Eulogy for a Cigar Shop

Today I went into my first tobacconist for the last time. When I first started smoking cigars I wandered into Madison Tobacco, and was in love. They did not have the largest humidor in the world, nor the greatest selection. But what they did have was character. I can remember as a kid their cigar shaped sign that hung next to the Kimbrough building (which is one of midtown’s cooler looking buildings) I always liked it’s simple and timeless charm. Inside was constantly filled with retired southern lawyers, fixing the problems of the world by shouting at each other over their newspapers. Usually they were under the watchful eye of the shop manager a quiet man with a pipe who was a wealth of tobacco information if you got him started. You could never walk out the door without reeking of cigar, I have been in some cigar lounges and have yet to find one that rivals their decades of odor building up.

In that shop I first found Punch Rothschilds, Punch Egg Roll, Tabak, Java Mint, Brick House Maduro, El Rey Del Mundo, and Nica Rustica. Pretty much the only cigar I love they didn’t carry was The Undercrown Maduro. And they had their own cigar, The Madison, a beautifully wrapped barber pole (or another leaf pattern) torpedo or churchill. With the taste of disappointment as it looked better than it was. Notes of cardboard, and dried chicken bone were prominent. 

Madison was where I learned to love cigars.
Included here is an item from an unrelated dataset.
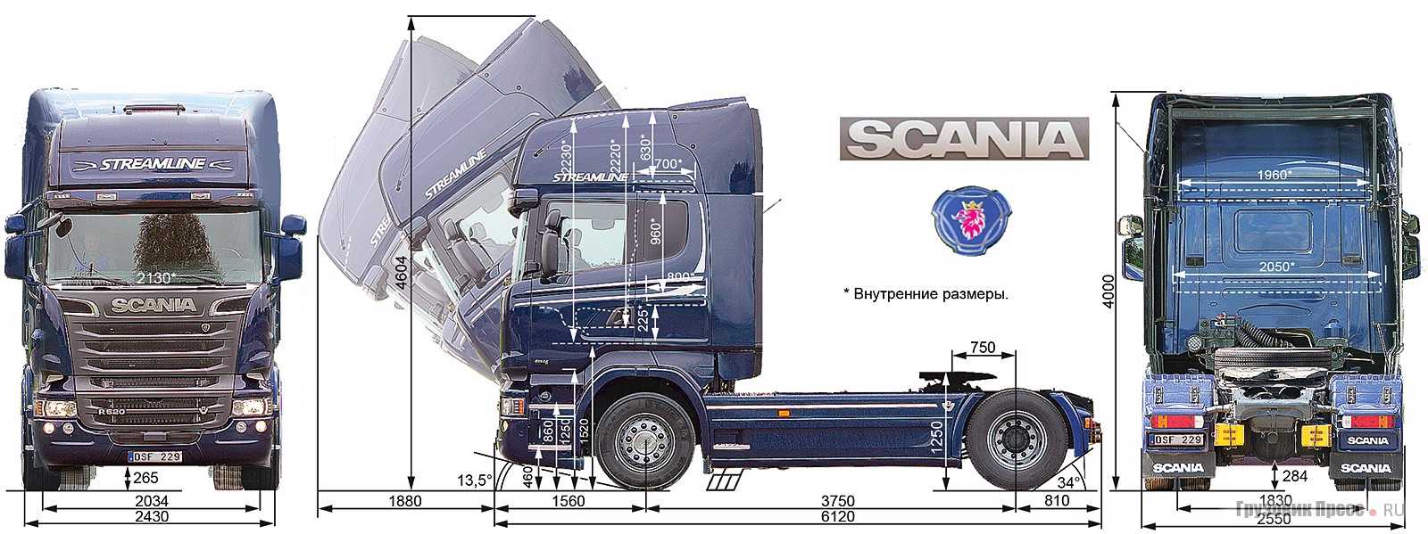 Scania любима водителями за просторную кабину и отличный обзор благодаря вертикальным передним стойкам. Соотношение регулировок водительского кресла и рулевой колонки позволяет играть буквально в ролевые игры классических типов посадок водителя: легкового авто (низкое сиденье, почти вертикальный руль), водителя автобуса (сиденье высоко, горизонтальный руль снизу), водитель ретро-грузовика (сиденье близко к рулевой колонке, вертикальный руль снизу), и так далее.

There are other tobacconists in town, and some are quite good, maybe even better in selection and price. But they lack the character, and the distinction of being my first. They weren’t snobs, they just wanted me to smoke some good cigars, and by gum if they didn’t succeed. 
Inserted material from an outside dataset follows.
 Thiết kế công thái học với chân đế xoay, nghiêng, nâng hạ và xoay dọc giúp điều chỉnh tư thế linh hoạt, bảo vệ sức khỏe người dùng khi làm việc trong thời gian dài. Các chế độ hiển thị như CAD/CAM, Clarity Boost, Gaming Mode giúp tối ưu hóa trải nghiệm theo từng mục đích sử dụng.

So now they go. I am forced to, uncharitably, assume that their landlord is an idiot who is high. And I will miss them. I had hoped that they would last until my own retirement and I would join the ranks of shouty old men with opinions backed up by forceful jabs of a smoldering stogie. Alas it is not to be. I have five Madisons left in my cigar vault. And those cheap, dry, practically rolled parchment are now the most precious cigars in my collection.